| INPUT |
┄┄┄┄┄┄
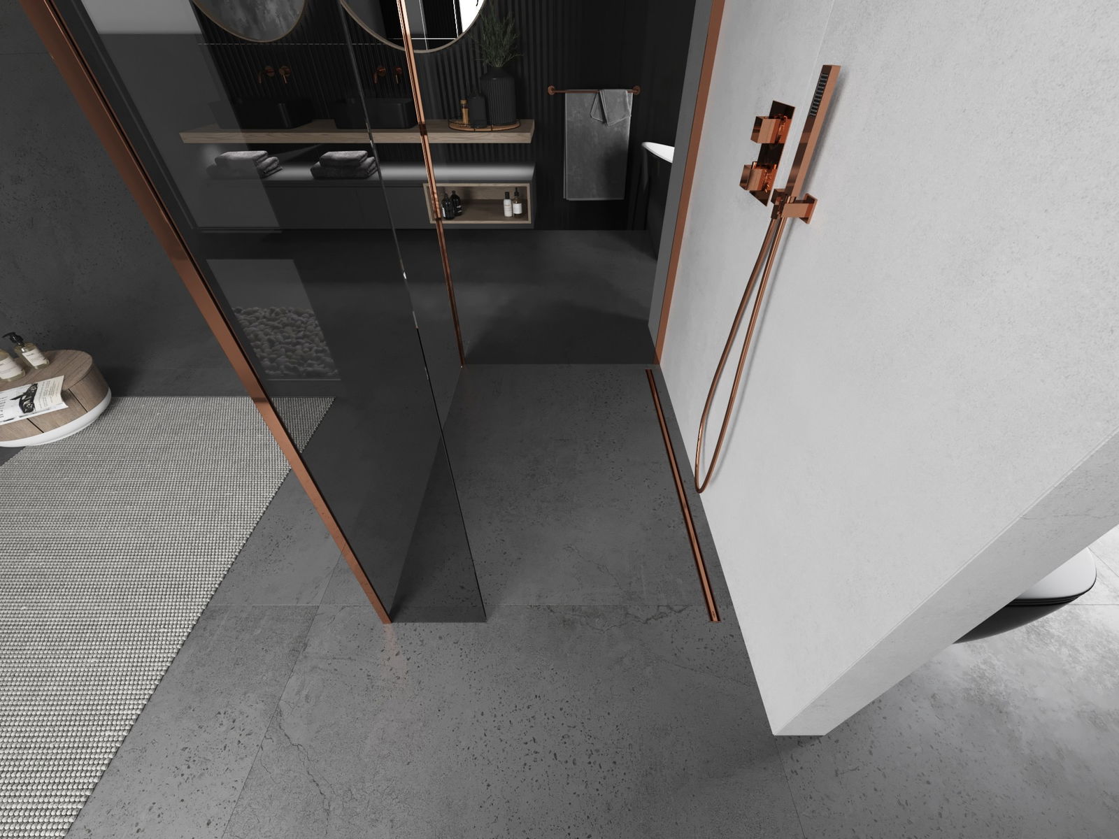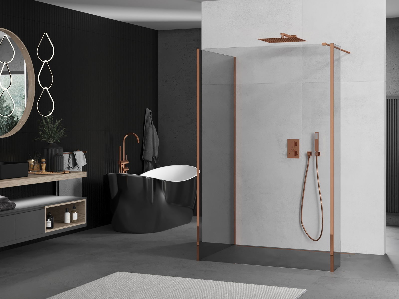 Mexen Kioto Πάνελ ντουζιέρας Walk-in 130 x 100 x 30 cm, διαφανές, ροζ χρυσό
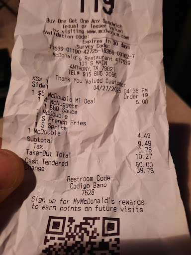 Read morePlaced my order through the kiosk, and it took 20 minutes to get my order. The staff here don't care how long it takes to get your order. They just tell you to wait and blow you off, hoping you'll just go away. Thendining area was very dirty, and no one working seemed to care. If they don't want people to dine in, they should just lock the doors. Service here is terrible. Once I got my order, it was missing pancakes, which took another 10 minutes. Food also was cold. This is not a good place to expect service from the people working there. They act like they're doing you a favor. You ask someone for something, and they pretend they don't hear you. I will never...
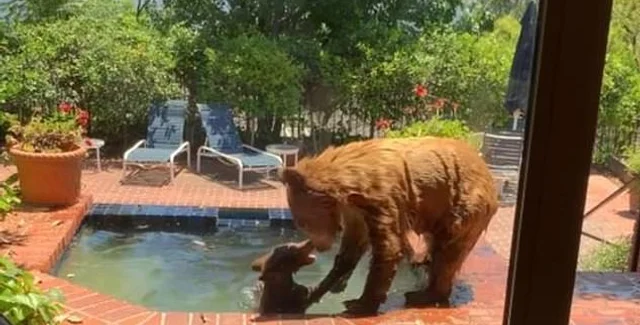 Владелица дома в южной части штата Калифорния сняла видео медведицы с медвежонком, которые купались в ее бассейне.
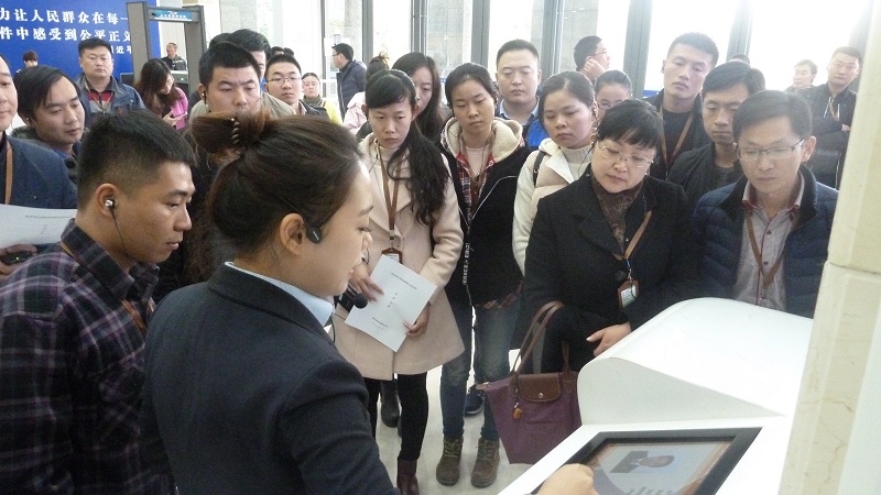 在法院訴訟服務(wù)中心講解員的引導(dǎo)下,大家參觀學(xué)習(xí)了該區(qū)近年來的司法體制建設(shè)項目,特別是同學(xué)們還親身體驗了該中心首創(chuàng)的“e調(diào)解”平臺,參與了線上直播庭審案件,感受到蜀山區(qū)在司法體制建設(shè)方面的確實實在在地發(fā)揮了社會參與、廣泛搭臺、多頻調(diào)解等機制的作用,體現(xiàn)了便民、利民的服務(wù)原則
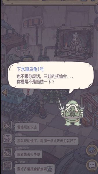 最强蜗牛当玩家杀死房间里的小动物时,下水道里的乌龟就会找上门来,向我们要100万只黑蝌蚪。这对于大多数玩家来说是很难接受的。毕竟,一百万只黑蝌蚪,蝌蚪怎么能言出必行,就不给他们这笔养老金,会不会引发阴谋呢?下面小编给大家带来了一个不用给养老金就能解决的解决方案。不知道的小伙伴们快来看看吧。
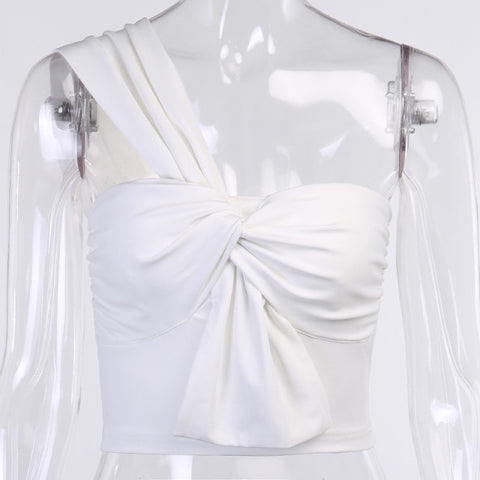 WannaThis One Shoulder Crop Top Front Bandage Backless White Slim Tank Top Women Solid Summer Vest Ruched Irregular Criss Cross
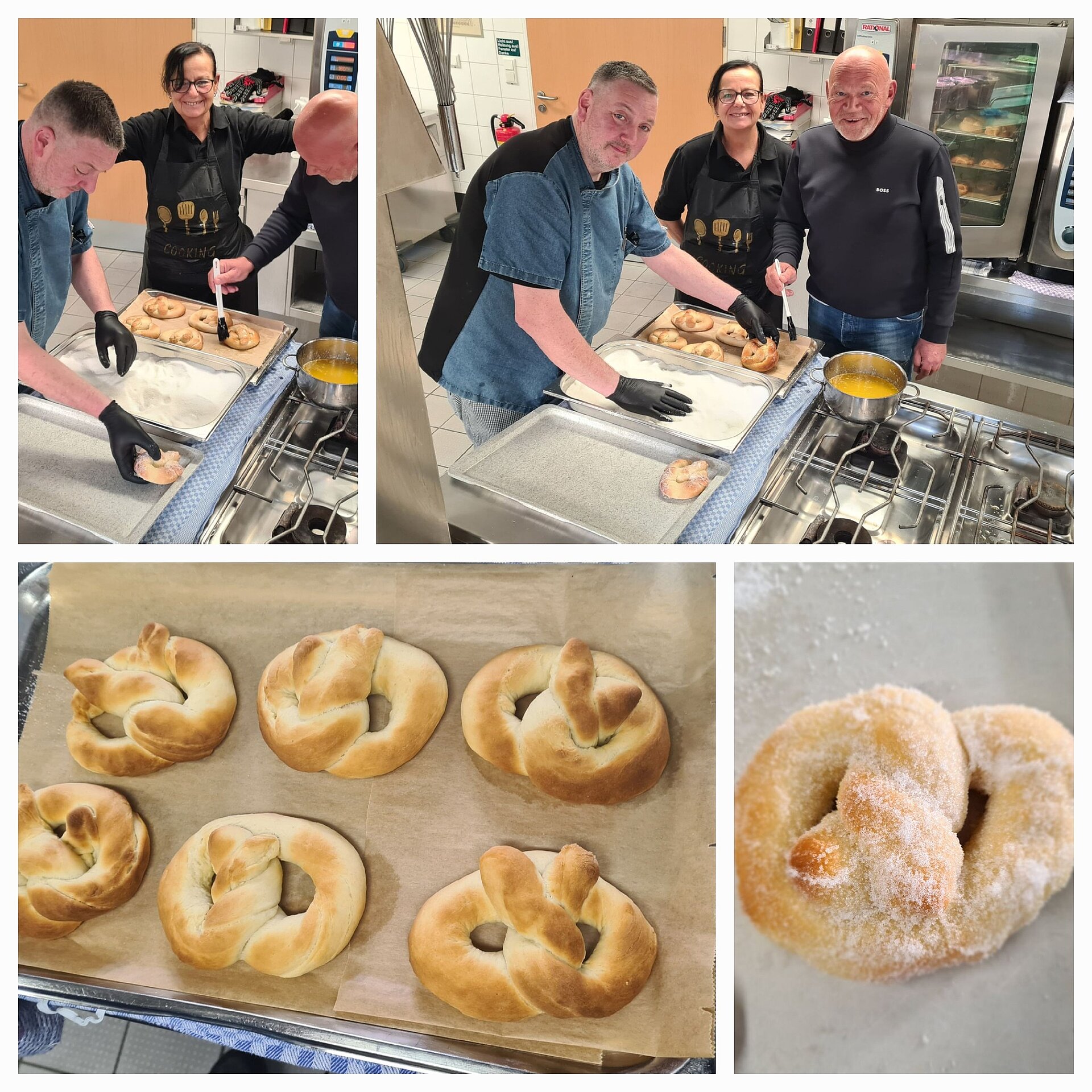Heute duftete es herrlich nach frisch gebackenem Gebäck – Einrichtungsleiter Jörg Becker und Küchenchef Stephan Rück haben gemeinsam Martinsbrezeln gebacken!
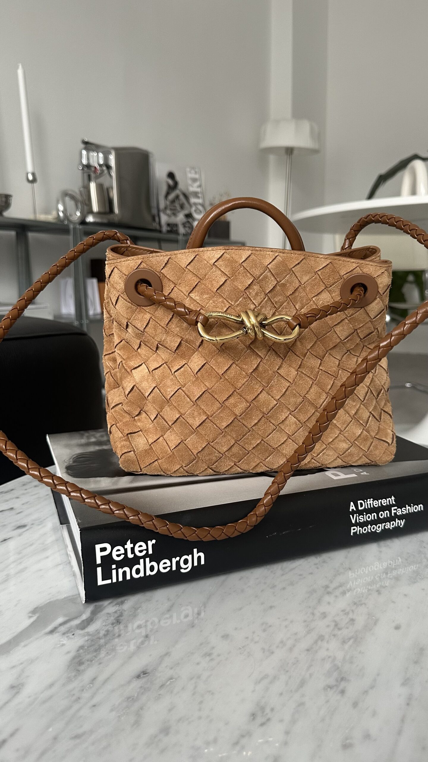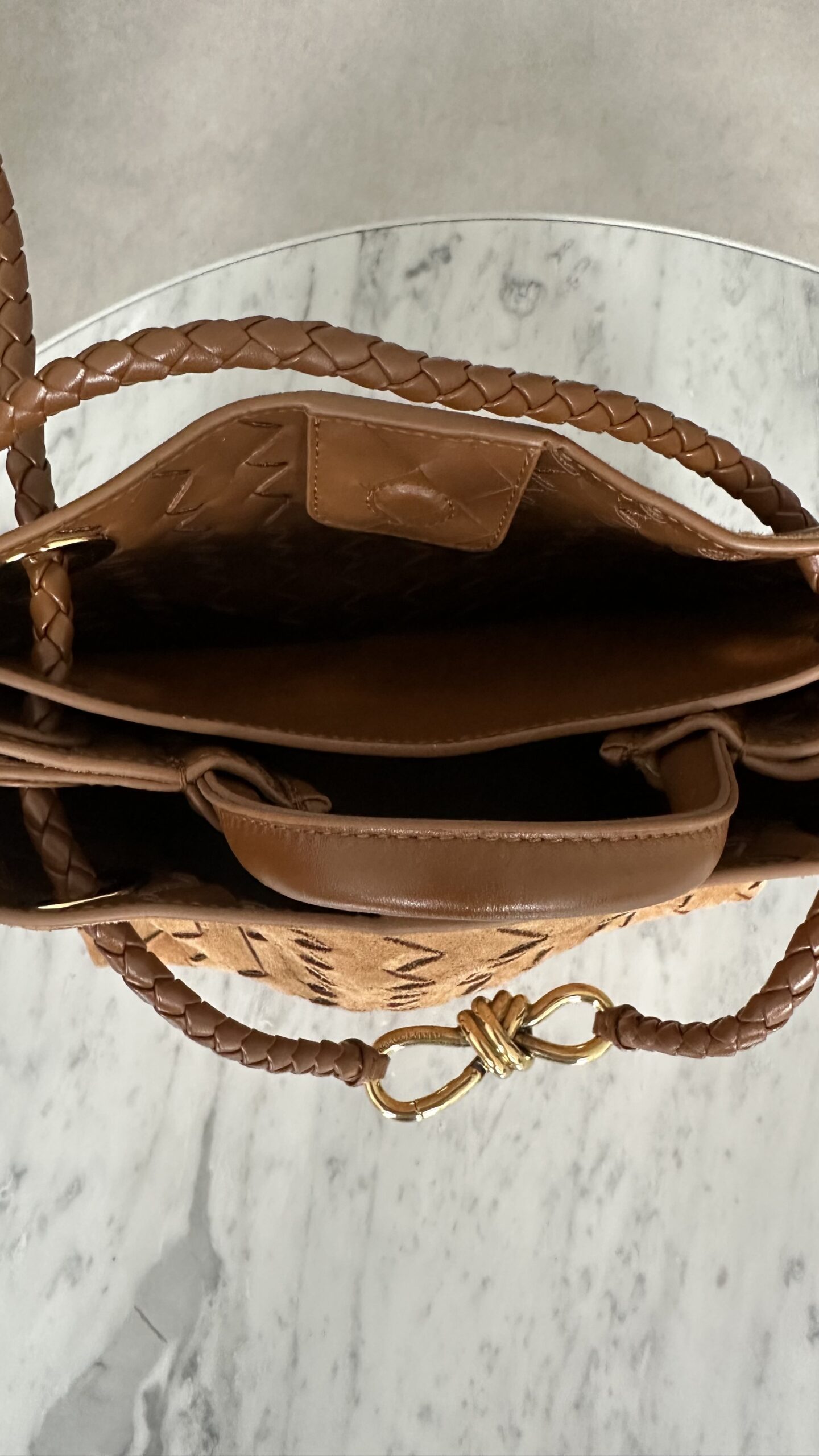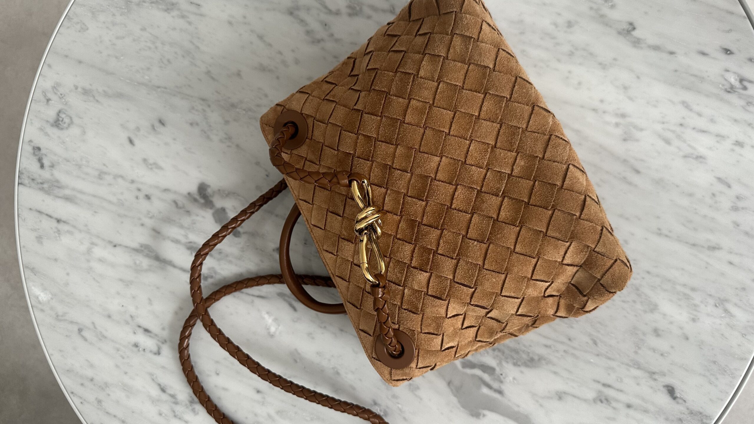 Bottega Venata Andiamo ruda zamszowa torebka
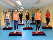 Během lekce vystupujeme na stupínek – step a díky tomu je umocněn trénink a formování nohou.
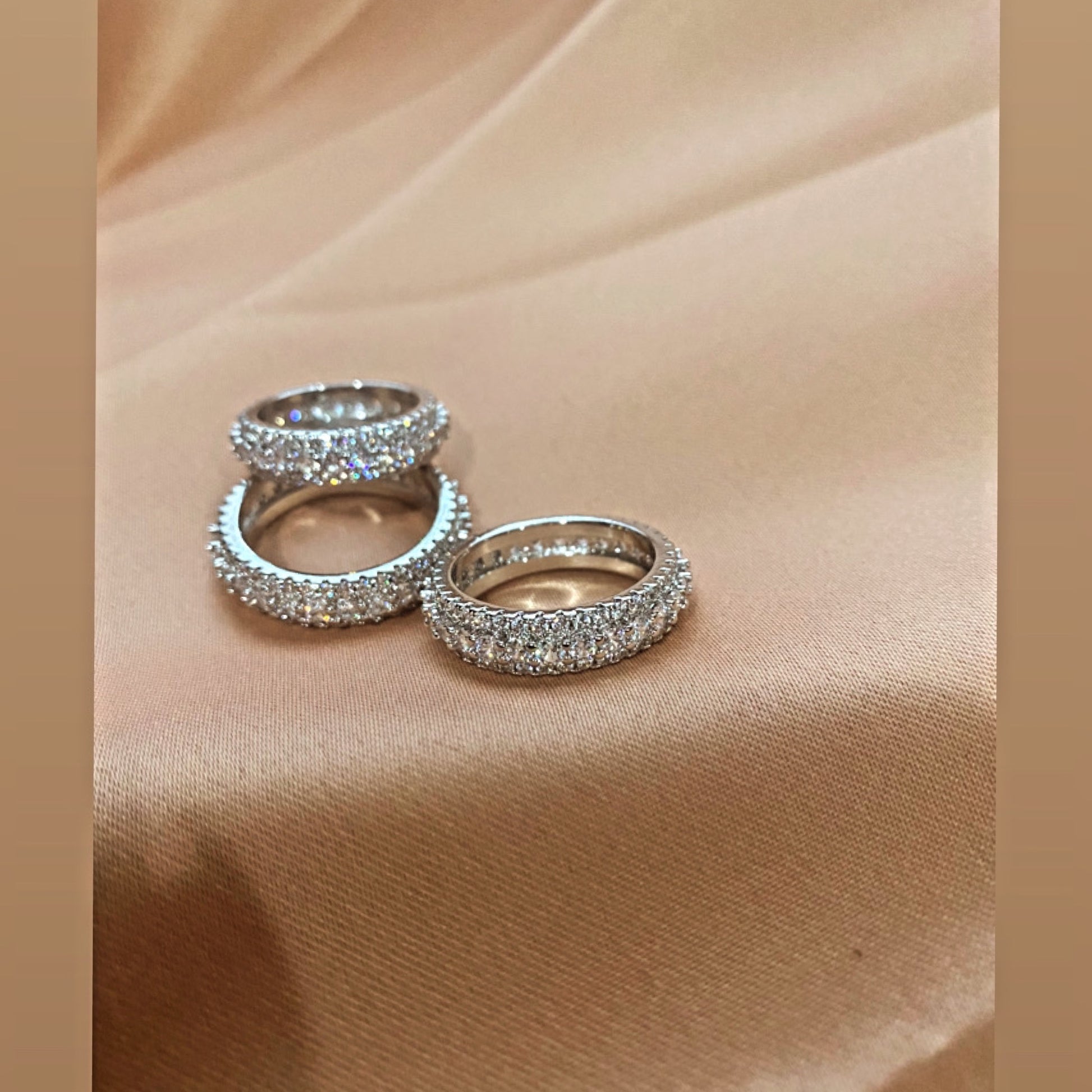 Crafted with 925 sterling silver and inlaid with cubic zirconia crystals, these stacking rings are the perfect addition to any ensemble.
┄┄┄┄┄┄
| TASK REQUIREMENTS |
Would you copy out every entry above word for word, without the pictures?

| RESULT |
 Mexen Kioto Πάνελ ντουζιέρας Walk-in 130 x 100 x 30 cm, διαφανές, ροζ χρυσό
 Read morePlaced my order through the kiosk, and it took 20 minutes to get my order. The staff here don't care how long it takes to get your order. They just tell you to wait and blow you off, hoping you'll just go away. Thendining area was very dirty, and no one working seemed to care. If they don't want people to dine in, they should just lock the doors. Service here is terrible. Once I got my order, it was missing pancakes, which took another 10 minutes. Food also was cold. This is not a good place to expect service from the people working there. They act like they're doing you a favor. You ask someone for something, and they pretend they don't hear you. I will never...
 Владелица дома в южной части штата Калифорния сняла видео медведицы с медвежонком, которые купались в ее бассейне.
 在法院訴訟服務(wù)中心講解員的引導(dǎo)下,大家參觀學(xué)習(xí)了該區(qū)近年來的司法體制建設(shè)項目,特別是同學(xué)們還親身體驗了該中心首創(chuàng)的“e調(diào)解”平臺,參與了線上直播庭審案件,感受到蜀山區(qū)在司法體制建設(shè)方面的確實實在在地發(fā)揮了社會參與、廣泛搭臺、多頻調(diào)解等機制的作用,體現(xiàn)了便民、利民的服務(wù)原則
 最强蜗牛当玩家杀死房间里的小动物时,下水道里的乌龟就会找上门来,向我们要100万只黑蝌蚪。这对于大多数玩家来说是很难接受的。毕竟,一百万只黑蝌蚪,蝌蚪怎么能言出必行,就不给他们这笔养老金,会不会引发阴谋呢?下面小编给大家带来了一个不用给养老金就能解决的解决方案。不知道的小伙伴们快来看看吧。
 WannaThis One Shoulder Crop Top Front Bandage Backless White Slim Tank Top Women Solid Summer Vest Ruched Irregular Criss Cross
Heute duftete es herrlich nach frisch gebackenem Gebäck – Einrichtungsleiter Jörg Becker und Küchenchef Stephan Rück haben gemeinsam Martinsbrezeln gebacken!
 Bottega Venata Andiamo ruda zamszowa torebka
 Během lekce vystupujeme na stupínek – step a díky tomu je umocněn trénink a formování nohou.
 Crafted with 925 sterling silver and inlaid with cubic zirconia crystals, these stacking rings are the perfect addition to any ensemble.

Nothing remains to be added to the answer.